While Season 1 overflowed with pomp and circumstance as a 25-year-old Elizabeth ascended the throne in 1952, Season 2 tosses the crown jewels aside to examine the queen's relationships with her increasingly distant husband, Prince Philip (Matt Smith), and her alienated sister, Princess Margaret (Vanessa Kirby), as London gears up to swing in the early '60s.
"I think she looks around her and goes, 'Things are very different,'" Foy, 33, said without a hint of royal accent or frump, at the Greenwich Hotel in Lower Manhattan after travelling from London, where she lives with her husband, actor Stephen Campbell Moore, and their nearly 3-year-old daughter."The political landscape is changing.
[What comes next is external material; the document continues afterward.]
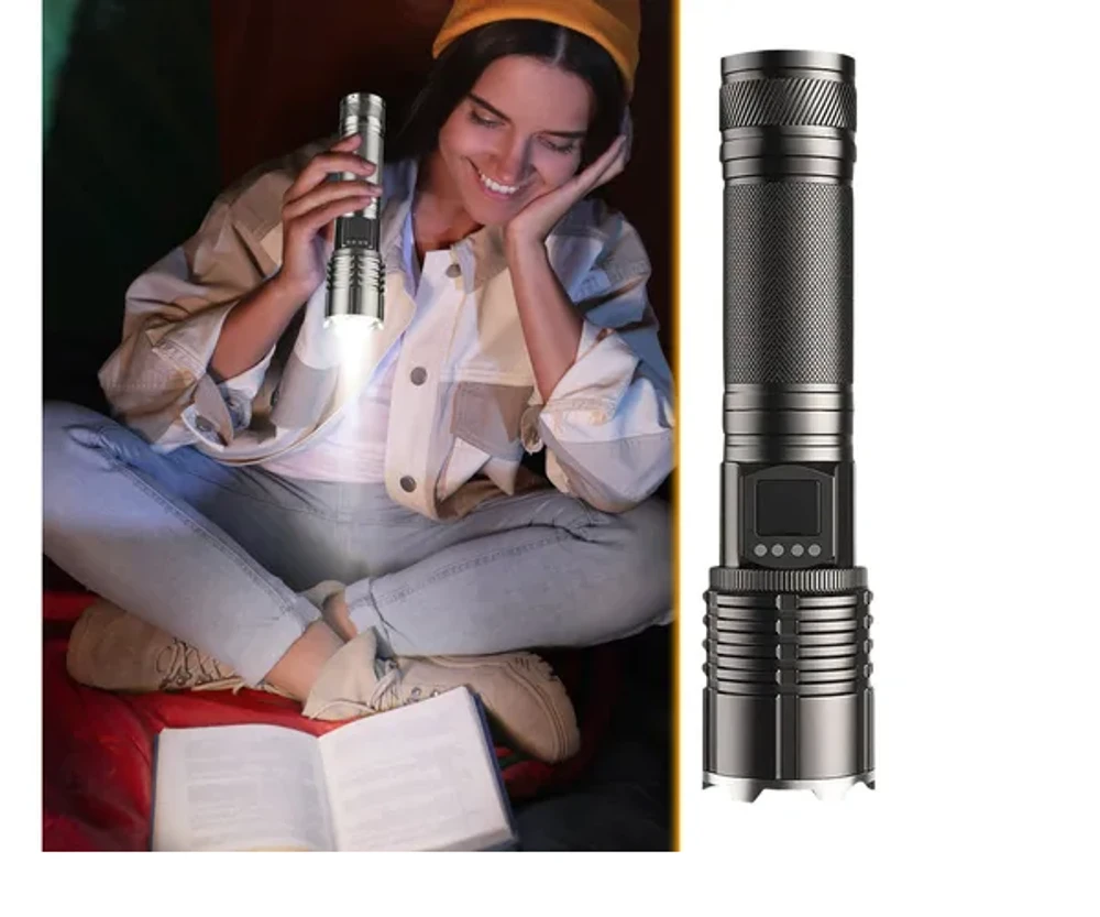 Lanternas Lanterna LED brilhante recarregável de alto lúmen Lanterna de luz forte tipo C de carregamento com display digital externo Lanterna LED fluorescente
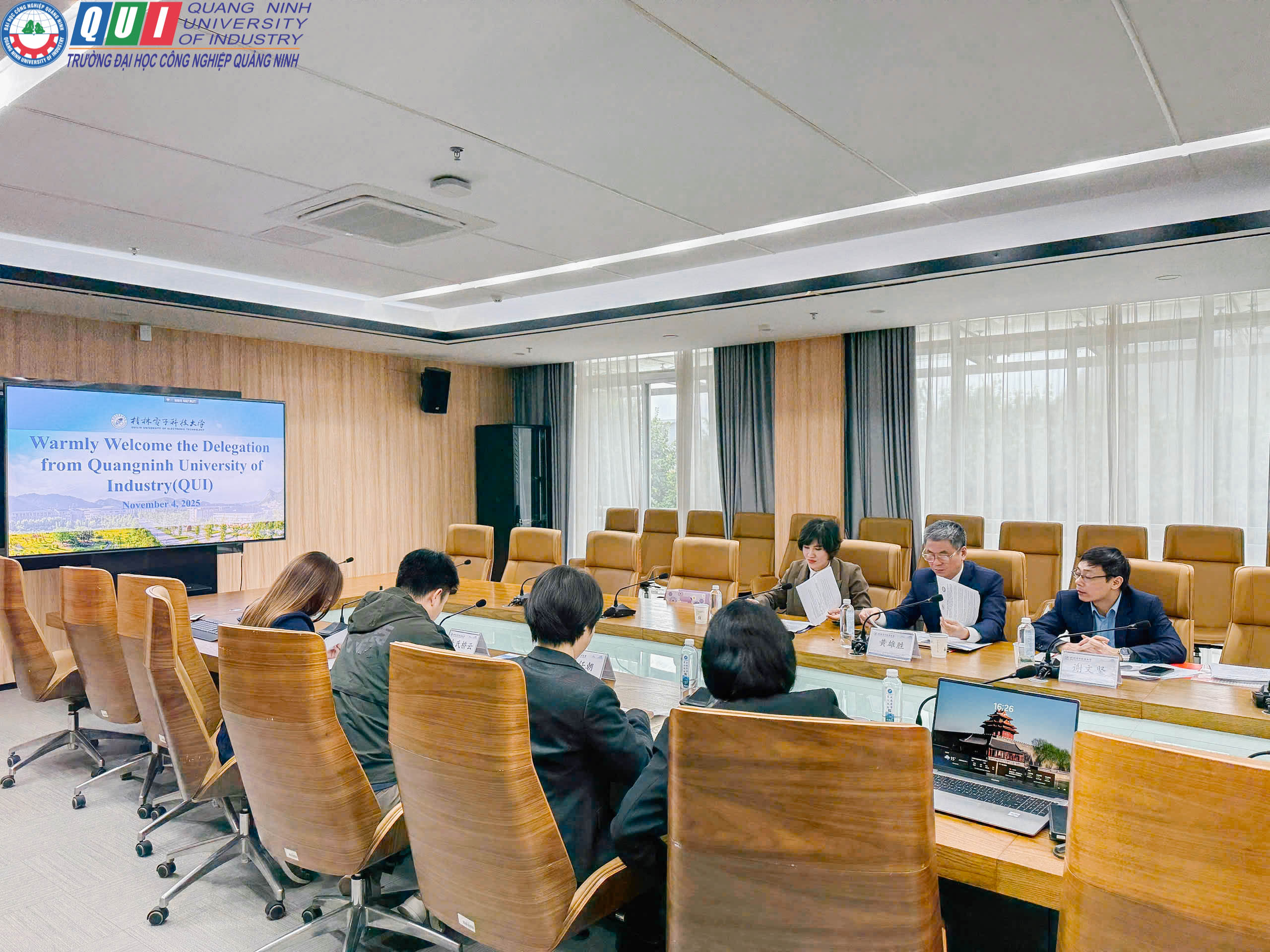 Ngày 05 tháng 11 năm 2025, trong khuôn khổ chuyến công tác và làm việc tại Trung Quốc, đoàn công tác Trường Đại học Công nghiệp Quảng Ninh do TS. Hoàng Hùng Thắng - Hiệu trưởng Nhà trường làm Trưởng đoàn đã có buổi làm việc, trao đổi hợp tác và ký kết Biên bản ghi nhớ hợp tác (MOU) với Viện Hợp tác và Trao đổi Quốc tế, Trường Đại học Khoa học Kỹ thuật Điện tử Quế Lâm (Guilin University of Electronic Technology - GUET).

Her husband has become someone else. Her sister has become someone else. And she's going, 'Who am I, then?' She has a bit of an identity crisis, I think." Here are edited excerpts from the conversation.
Q. Season 2 finds the queen dealing poignantly with ageing amid the rise of rock 'n' roll in British culture.
A. The story of middle age is quite important. I just don't think that Elizabeth ever thought about the way she looked. It was never significant to her. And then it was, because people judged her. That's what she deals with in this ” that she suddenly realises she's not a spring chicken anymore.

It's especially crushing when all of London, including her husband, perks up when President and Mrs Kennedy visit.
I love those episodes because there were these two couples who were seemingly completely different but shared a commonality, which is that they were the most viewed couples in the world. And they both had tensions in their marriage, and it was fascinating. But it's known that (the queen and Jacqueline Kennedy) didn't have a particularly sisterhood meeting at first. It was a bit dicey.

That voice.
We have an incredible coach, William Conacher, who is in charge of everyone's voice, which gives the show a tone. That's so integral to the character, because the way she speaks and uses her mouth and expresses herself has so much to do with her physicality. It's extraordinary how much the voice is the person and the person is the voice.
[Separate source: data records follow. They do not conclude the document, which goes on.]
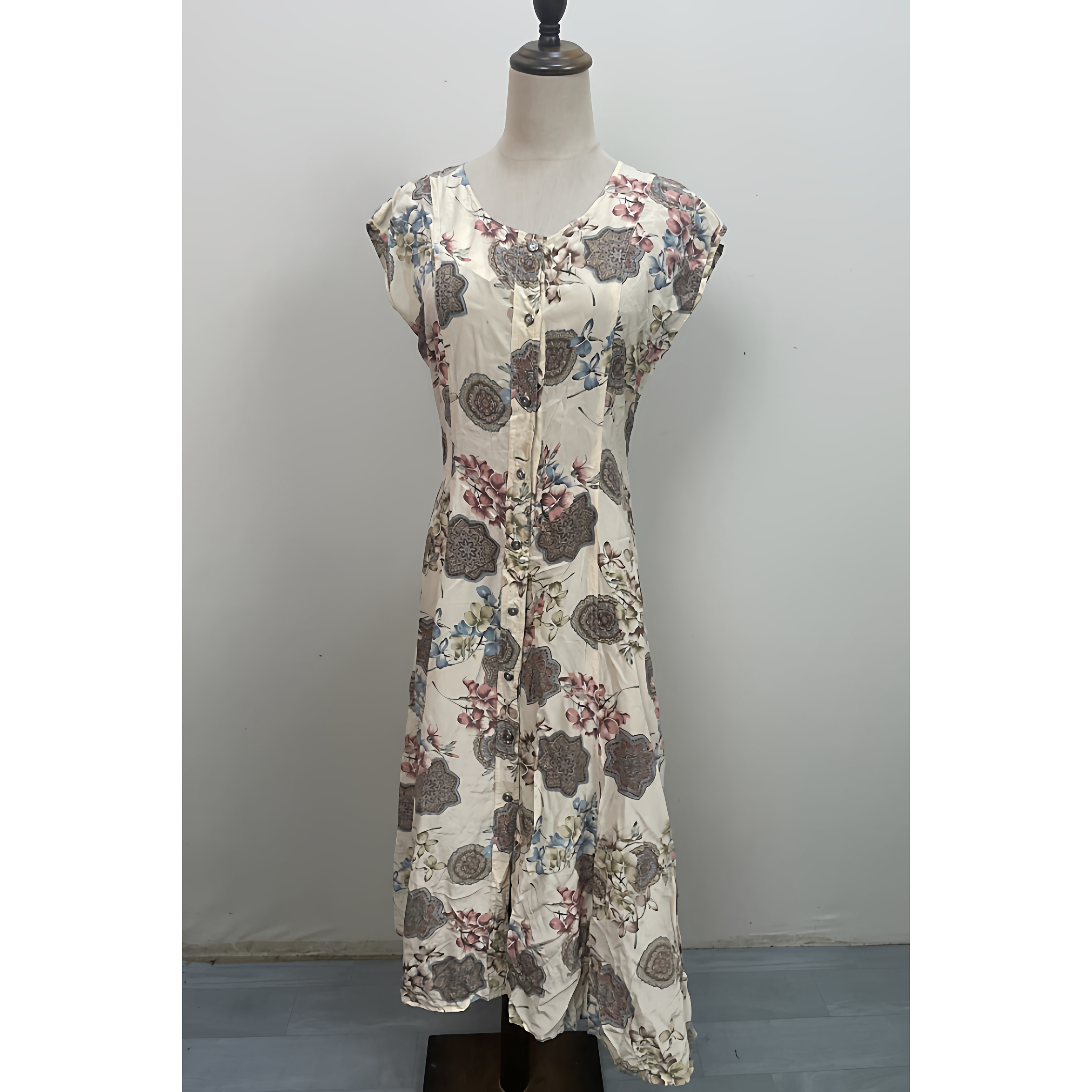 119古着vintage 桑蚕丝夏季女士轻盈柔软优雅碎花气质真丝连衣裙
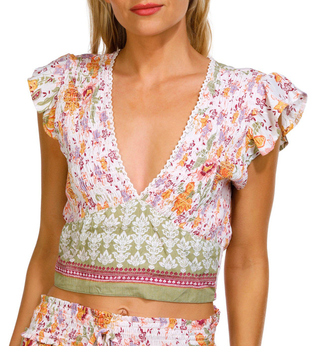 Introducing the Juniors Short Sleeve Smocked Ruffle Sleeve Top, crafted from 100% rayon for a soft and breathable feel. This stylish top features a vibrant floral print and a flattering v-neckline. The smocked back ensures a comfortable fit, while the short ruffle sleeves add a touch of elegance. With a 17-inch length, this top is perfect for casual outings or dressing up.
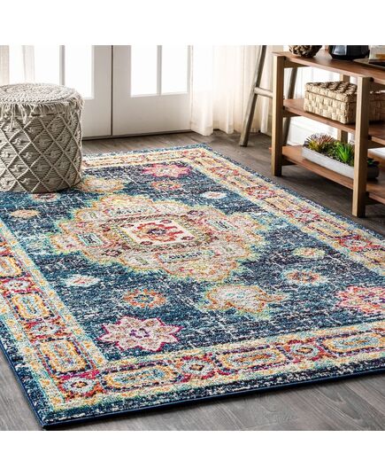 Whimsical in color, the traditional framed medallion design on this bohemian rug adds a tasteful splash of color to any style of décor. Whether for a high traffic space like a living room or dining room, or a private space like a bedroom or bathroom, the durability and style combine to create the perfect floor covering. In shades of navy, red, aqua, and ivory; this rug is a stunning accent for any space.
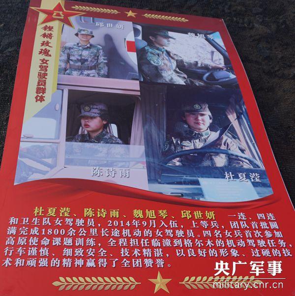 在兰州军区第47集团军通信团,有4名女兵成为兰州军区高原使命课题训练进行3年以来的首批女驾驶员。在海拔3000多米的高原戈壁和崇山峻岭之间,她们驱车千里,征服昆仑。
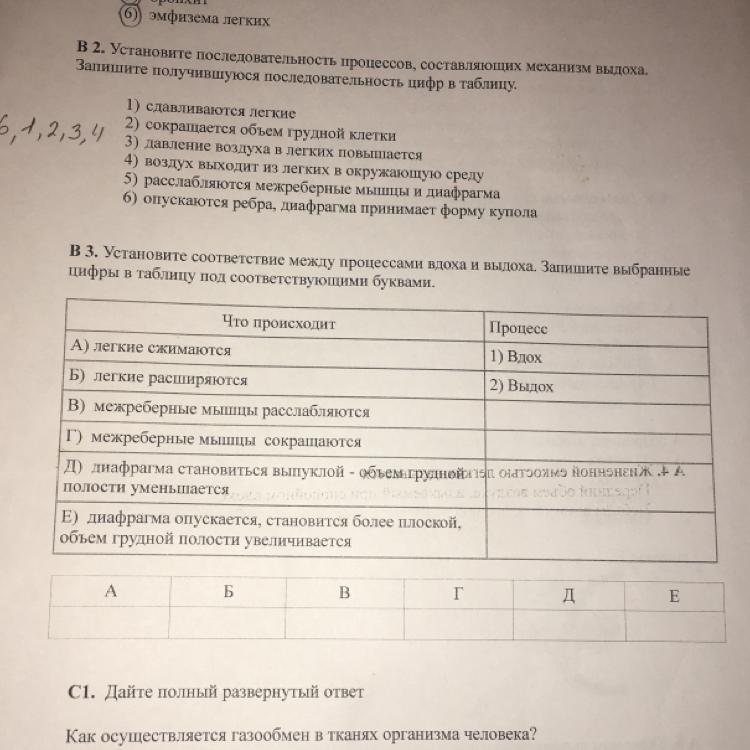 Установите соответствие между процессами вдоха и выдоха. Запишите выбранные цифры под соответствующими буквами. Вопрос В3 на фото. Заранее спасибо за ответ )

You've said that you'd now like to play someone who expresses herself.
That was tongue-in-cheek. But I would love to do something that is all about singing and dancing and just getting it out ” not for anyone else's enjoyment, but just purely for me to sit there and sing Send in the Clowns.

Are you any good?
Absolutely terrible. I can act my way through a song, but I do not have a voice of an angel.
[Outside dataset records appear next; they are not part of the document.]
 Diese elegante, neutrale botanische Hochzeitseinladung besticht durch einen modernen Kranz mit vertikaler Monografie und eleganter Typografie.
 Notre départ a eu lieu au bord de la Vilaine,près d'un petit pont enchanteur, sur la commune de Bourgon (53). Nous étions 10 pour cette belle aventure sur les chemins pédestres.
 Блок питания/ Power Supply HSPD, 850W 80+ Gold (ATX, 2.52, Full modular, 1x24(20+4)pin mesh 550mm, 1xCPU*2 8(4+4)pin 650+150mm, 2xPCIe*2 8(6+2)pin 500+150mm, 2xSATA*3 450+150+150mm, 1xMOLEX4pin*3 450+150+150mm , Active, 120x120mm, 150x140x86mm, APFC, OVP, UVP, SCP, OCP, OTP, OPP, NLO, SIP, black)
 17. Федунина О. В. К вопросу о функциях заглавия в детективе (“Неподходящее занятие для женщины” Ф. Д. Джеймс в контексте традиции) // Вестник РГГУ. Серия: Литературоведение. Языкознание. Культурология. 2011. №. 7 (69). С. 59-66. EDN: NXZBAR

So you won't be singing and dancing as Janet Armstrong, the wife of Neil, in Damien Chazelle's First Man?
I wish, but no, not for me anyway. It's about the moon landing and what drives people to make certain decisions and behave in certain ways.

You're following Noomi Rapace and Rooney Mara to play Lisbeth Salander in The Girl in the Spider's Web. Will there be a physical transformation?
We are honouring the character, but at the same time I don't want it to be,"Look at me with my piercings." But what a tribe of women to join. It's such an opportunity to explore the abuse and what it means to be a woman who doesn't conform and who actually has so much pathological behaviour that she's unaware of.

She seems pretty expressive.
I get to be really angry. I need to be angry. (Laughs) Brutally angry to everyone.

It seems you've become Hollywood's latest It Girl. Could you have imagined?
(Grimaces) I have no concept of it, except how lucky I am and how grateful I am and how much I'm just going to enjoy the moment. And I've also, to be fair, seen it from the outside. I've been working for 10 years, I know what it is, and I've got quite a good gauge ” she says.

I'll come back to you in five.
Yeah, I'll be a wreck.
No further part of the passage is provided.